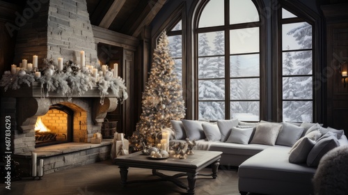 Christmas interior of a large cozy house with a Christmas tree and a fireplace, AI
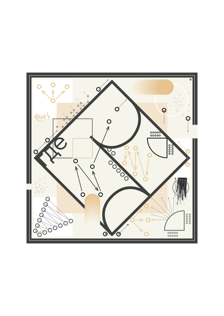 Платок «О8» — визуализация поиска причинно-следственных связей в обыденности. Он является частью серии из восьми векторных композиций, дополненных абстрактными пятнами туши, напечатанных на ткани.
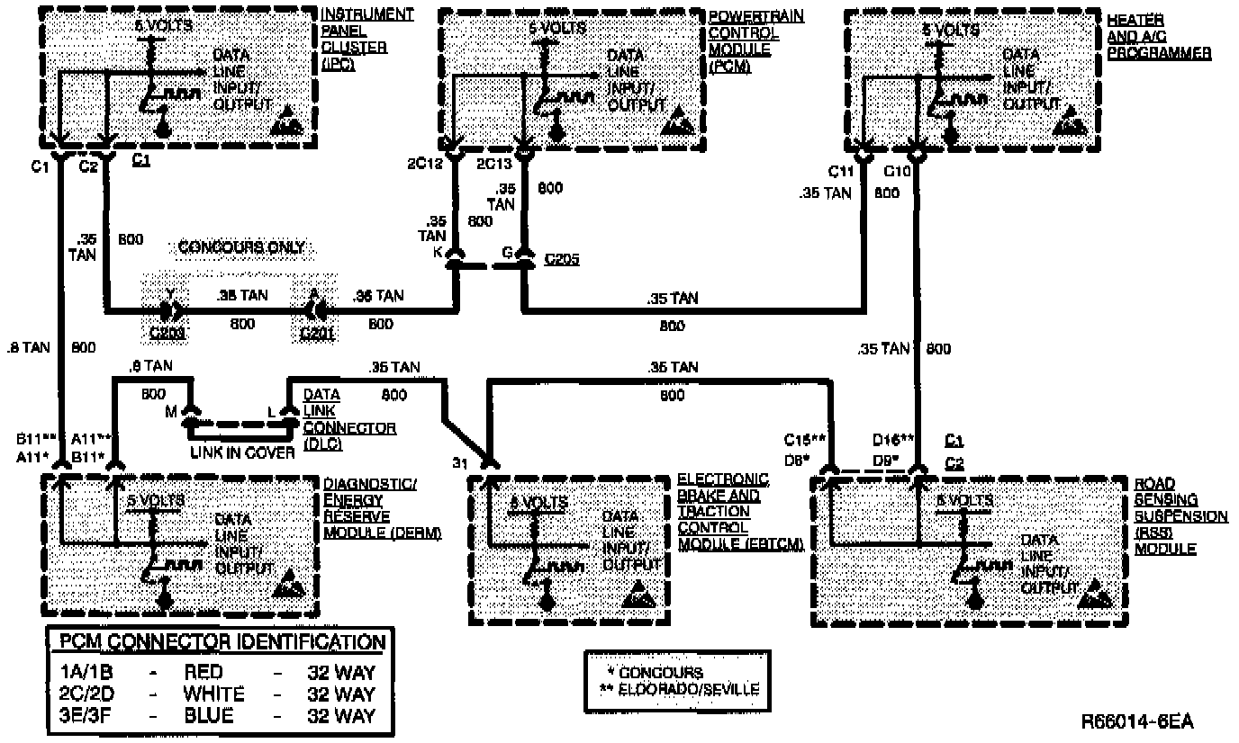 The data from the PCM to the IPC contains engine operating information. The PCM-IPC data includes engine coolant temperature, rpm and injector pulse width values so the PCM can control cooling fans and the IPC can display rpm and mph. The IPC sends the PCM air conditioning status to be used for idle speed control and ambient (outside) temperature for use in Torque Converter Clutch (TCC) apply and release decisions.

▸ **What to work on**:
Only the pictures are to be left out; repeat all other material exactly.

▸ **Answer space**:
 Christmas interior of a large cozy house with a Christmas tree and a fireplace, AI
 Платок «О8» — визуализация поиска причинно-следственных связей в обыденности. Он является частью серии из восьми векторных композиций, дополненных абстрактными пятнами туши, напечатанных на ткани.
 The data from the PCM to the IPC contains engine operating information. The PCM-IPC data includes engine coolant temperature, rpm and injector pulse width values so the PCM can control cooling fans and the IPC can display rpm and mph. The IPC sends the PCM air conditioning status to be used for idle speed control and ambient (outside) temperature for use in Torque Converter Clutch (TCC) apply and release decisions.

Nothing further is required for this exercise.